===== Data supplied =====
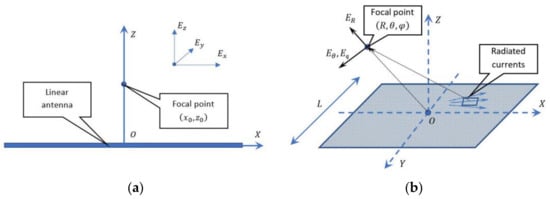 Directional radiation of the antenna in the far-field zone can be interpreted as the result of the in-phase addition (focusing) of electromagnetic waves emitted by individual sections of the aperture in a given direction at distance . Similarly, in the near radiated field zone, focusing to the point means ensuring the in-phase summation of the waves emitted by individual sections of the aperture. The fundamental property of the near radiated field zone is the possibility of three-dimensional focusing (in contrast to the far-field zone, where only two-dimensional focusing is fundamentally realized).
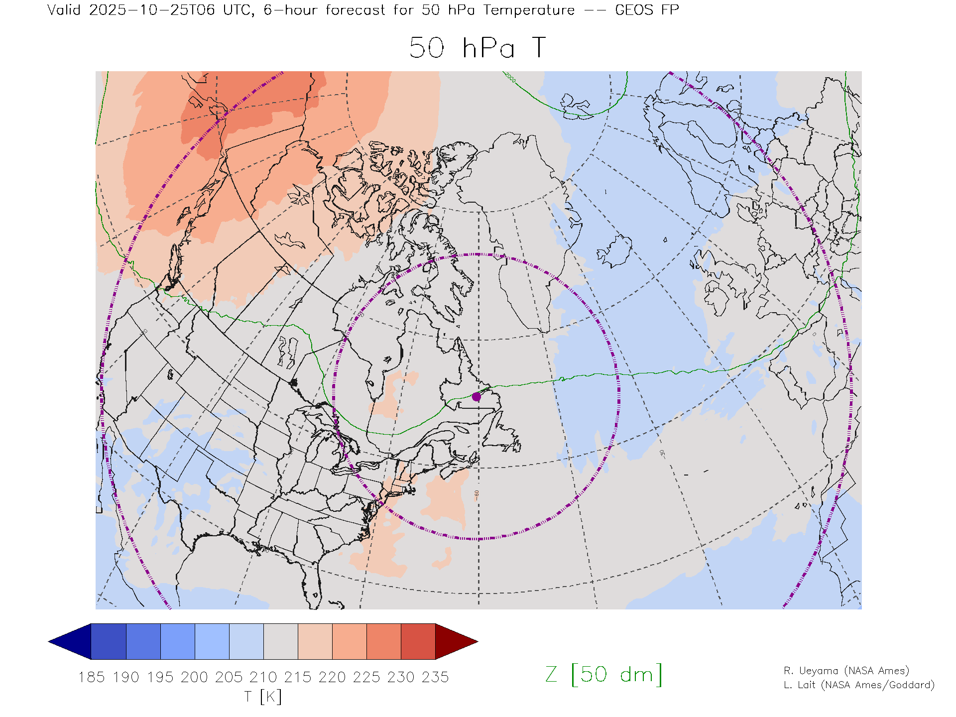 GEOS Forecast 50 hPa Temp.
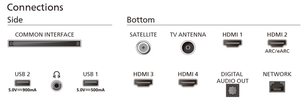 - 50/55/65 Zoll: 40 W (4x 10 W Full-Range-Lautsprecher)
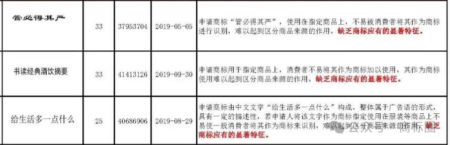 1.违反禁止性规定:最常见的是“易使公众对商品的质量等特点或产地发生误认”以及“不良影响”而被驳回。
=====
===== Data supplied =====
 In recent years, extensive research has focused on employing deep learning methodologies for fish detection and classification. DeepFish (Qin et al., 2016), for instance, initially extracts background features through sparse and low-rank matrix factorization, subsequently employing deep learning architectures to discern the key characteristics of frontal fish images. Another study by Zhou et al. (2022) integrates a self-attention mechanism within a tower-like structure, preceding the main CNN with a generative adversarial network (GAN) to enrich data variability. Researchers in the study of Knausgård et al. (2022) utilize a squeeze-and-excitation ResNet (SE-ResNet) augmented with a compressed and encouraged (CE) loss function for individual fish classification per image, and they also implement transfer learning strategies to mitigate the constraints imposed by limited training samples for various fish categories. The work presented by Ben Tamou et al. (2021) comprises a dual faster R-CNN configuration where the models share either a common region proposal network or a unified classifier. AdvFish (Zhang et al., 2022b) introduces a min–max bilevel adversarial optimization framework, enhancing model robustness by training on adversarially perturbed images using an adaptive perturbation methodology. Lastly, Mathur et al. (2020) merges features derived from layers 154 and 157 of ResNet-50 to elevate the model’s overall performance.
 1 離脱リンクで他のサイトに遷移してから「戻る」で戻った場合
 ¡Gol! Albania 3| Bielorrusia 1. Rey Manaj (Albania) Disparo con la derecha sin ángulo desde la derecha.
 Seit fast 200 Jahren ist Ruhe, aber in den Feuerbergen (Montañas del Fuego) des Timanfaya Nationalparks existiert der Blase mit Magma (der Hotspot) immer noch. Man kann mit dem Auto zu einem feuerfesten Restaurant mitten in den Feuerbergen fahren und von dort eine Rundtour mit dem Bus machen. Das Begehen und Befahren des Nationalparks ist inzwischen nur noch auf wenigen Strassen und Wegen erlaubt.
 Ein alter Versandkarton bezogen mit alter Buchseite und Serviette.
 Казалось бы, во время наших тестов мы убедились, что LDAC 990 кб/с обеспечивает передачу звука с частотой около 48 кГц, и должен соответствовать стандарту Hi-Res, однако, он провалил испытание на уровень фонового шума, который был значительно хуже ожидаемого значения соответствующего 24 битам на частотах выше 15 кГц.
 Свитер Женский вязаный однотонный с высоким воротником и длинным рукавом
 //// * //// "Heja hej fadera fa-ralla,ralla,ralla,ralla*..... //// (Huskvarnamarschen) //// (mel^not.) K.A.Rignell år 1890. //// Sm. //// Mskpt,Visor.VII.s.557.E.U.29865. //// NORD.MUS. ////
=====
===== Data supplied =====
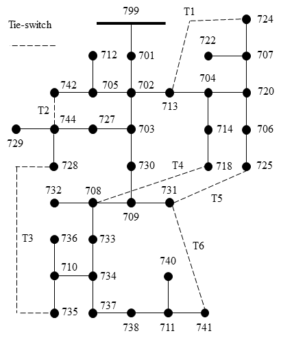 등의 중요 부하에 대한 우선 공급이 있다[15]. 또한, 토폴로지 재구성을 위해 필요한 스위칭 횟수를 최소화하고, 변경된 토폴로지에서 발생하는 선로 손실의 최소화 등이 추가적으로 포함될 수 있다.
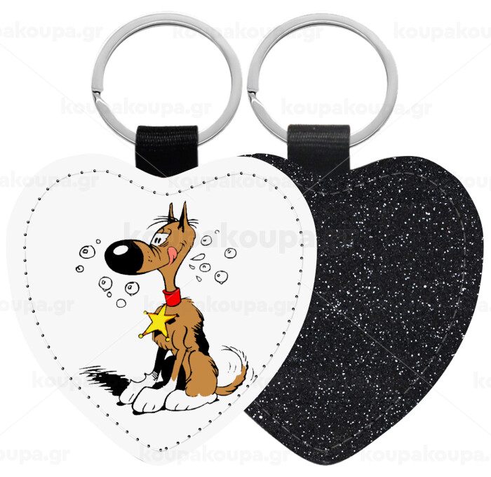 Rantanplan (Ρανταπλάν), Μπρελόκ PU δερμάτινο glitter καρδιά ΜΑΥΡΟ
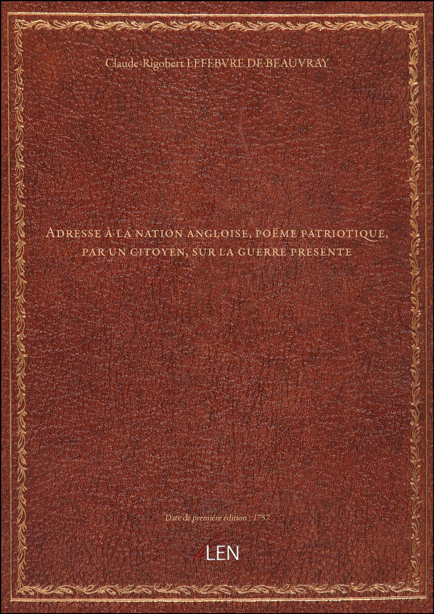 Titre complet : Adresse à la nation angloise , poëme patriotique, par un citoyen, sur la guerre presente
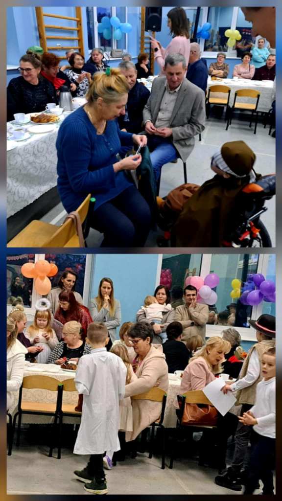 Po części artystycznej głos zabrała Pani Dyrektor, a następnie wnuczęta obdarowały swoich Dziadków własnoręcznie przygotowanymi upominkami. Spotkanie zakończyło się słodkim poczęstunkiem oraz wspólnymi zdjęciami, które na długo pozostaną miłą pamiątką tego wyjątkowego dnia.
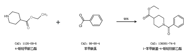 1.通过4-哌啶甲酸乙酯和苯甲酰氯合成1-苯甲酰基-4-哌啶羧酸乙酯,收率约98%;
=====
→ **Task brief**: Although pictures appear among the entries, please set down only the lines from the one with "등의 중요 부하에 대한" up to and including the one with "1.通过4-哌啶甲酸乙酯和苯", word for word.

→ **Response below**:
 등의 중요 부하에 대한 우선 공급이 있다[15]. 또한, 토폴로지 재구성을 위해 필요한 스위칭 횟수를 최소화하고, 변경된 토폴로지에서 발생하는 선로 손실의 최소화 등이 추가적으로 포함될 수 있다.
 Rantanplan (Ρανταπλάν), Μπρελόκ PU δερμάτινο glitter καρδιά ΜΑΥΡΟ
 Titre complet : Adresse à la nation angloise , poëme patriotique, par un citoyen, sur la guerre presente
 Po części artystycznej głos zabrała Pani Dyrektor, a następnie wnuczęta obdarowały swoich Dziadków własnoręcznie przygotowanymi upominkami. Spotkanie zakończyło się słodkim poczęstunkiem oraz wspólnymi zdjęciami, które na długo pozostaną miłą pamiątką tego wyjątkowego dnia.
 1.通过4-哌啶甲酸乙酯和苯甲酰氯合成1-苯甲酰基-4-哌啶羧酸乙酯,收率约98%;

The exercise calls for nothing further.